### [Required action]
The job is to find each line of the records below that includes the word "without" and copy it.

### [Provided records]
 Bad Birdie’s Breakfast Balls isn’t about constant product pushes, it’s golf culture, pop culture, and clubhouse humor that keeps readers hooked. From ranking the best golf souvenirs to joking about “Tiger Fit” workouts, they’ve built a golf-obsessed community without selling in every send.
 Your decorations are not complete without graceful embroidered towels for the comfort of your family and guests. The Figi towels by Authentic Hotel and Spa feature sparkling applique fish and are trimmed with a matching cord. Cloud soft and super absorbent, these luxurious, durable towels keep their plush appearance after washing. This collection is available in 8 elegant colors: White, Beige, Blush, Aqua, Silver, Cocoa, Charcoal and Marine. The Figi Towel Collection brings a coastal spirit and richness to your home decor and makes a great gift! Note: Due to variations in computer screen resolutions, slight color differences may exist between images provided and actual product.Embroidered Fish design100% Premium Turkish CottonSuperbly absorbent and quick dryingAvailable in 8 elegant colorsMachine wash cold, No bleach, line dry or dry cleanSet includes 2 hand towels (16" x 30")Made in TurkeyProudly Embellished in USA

==

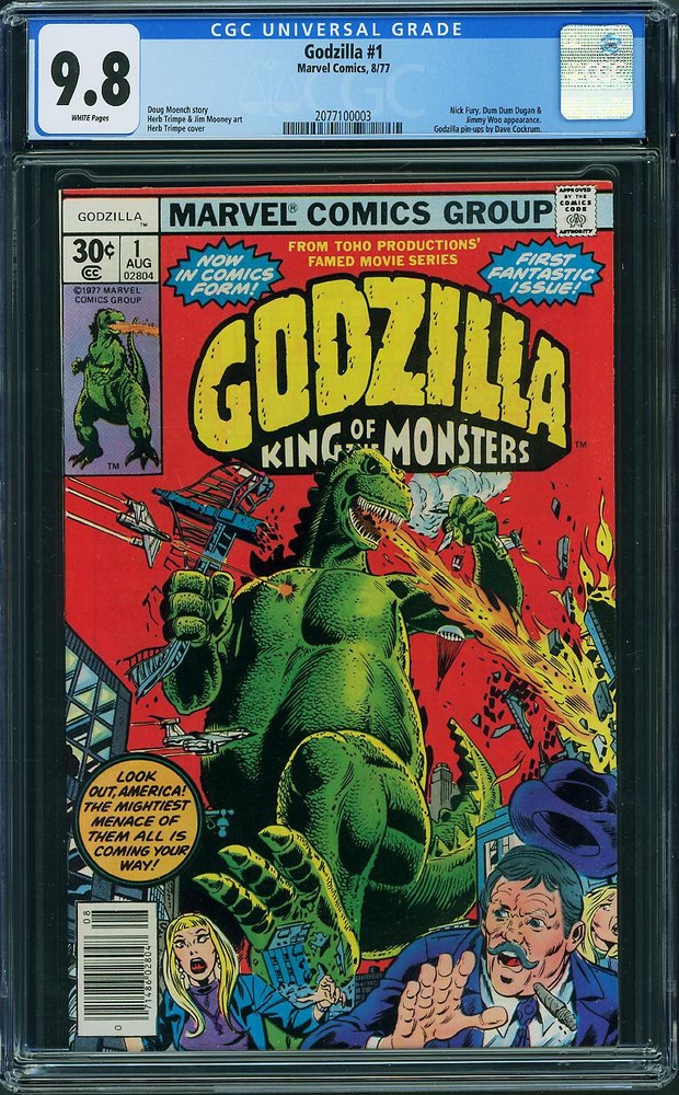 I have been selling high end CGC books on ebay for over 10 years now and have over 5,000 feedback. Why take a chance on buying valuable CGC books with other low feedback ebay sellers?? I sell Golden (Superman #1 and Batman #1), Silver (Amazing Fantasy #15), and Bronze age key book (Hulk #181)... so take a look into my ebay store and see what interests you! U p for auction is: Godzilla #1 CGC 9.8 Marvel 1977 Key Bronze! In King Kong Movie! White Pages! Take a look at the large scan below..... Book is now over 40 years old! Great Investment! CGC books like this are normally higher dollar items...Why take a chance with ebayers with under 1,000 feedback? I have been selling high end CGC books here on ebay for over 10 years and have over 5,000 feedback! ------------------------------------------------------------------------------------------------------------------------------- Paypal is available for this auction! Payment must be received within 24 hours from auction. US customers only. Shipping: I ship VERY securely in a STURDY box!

### [Result for this exercise]
 Bad Birdie’s Breakfast Balls isn’t about constant product pushes, it’s golf culture, pop culture, and clubhouse humor that keeps readers hooked. From ranking the best golf souvenirs to joking about “Tiger Fit” workouts, they’ve built a golf-obsessed community without selling in every send.
 Your decorations are not complete without graceful embroidered towels for the comfort of your family and guests. The Figi towels by Authentic Hotel and Spa feature sparkling applique fish and are trimmed with a matching cord. Cloud soft and super absorbent, these luxurious, durable towels keep their plush appearance after washing. This collection is available in 8 elegant colors: White, Beige, Blush, Aqua, Silver, Cocoa, Charcoal and Marine. The Figi Towel Collection brings a coastal spirit and richness to your home decor and makes a great gift! Note: Due to variations in computer screen resolutions, slight color differences may exist between images provided and actual product.Embroidered Fish design100% Premium Turkish CottonSuperbly absorbent and quick dryingAvailable in 8 elegant colorsMachine wash cold, No bleach, line dry or dry cleanSet includes 2 hand towels (16" x 30")Made in TurkeyProudly Embellished in USA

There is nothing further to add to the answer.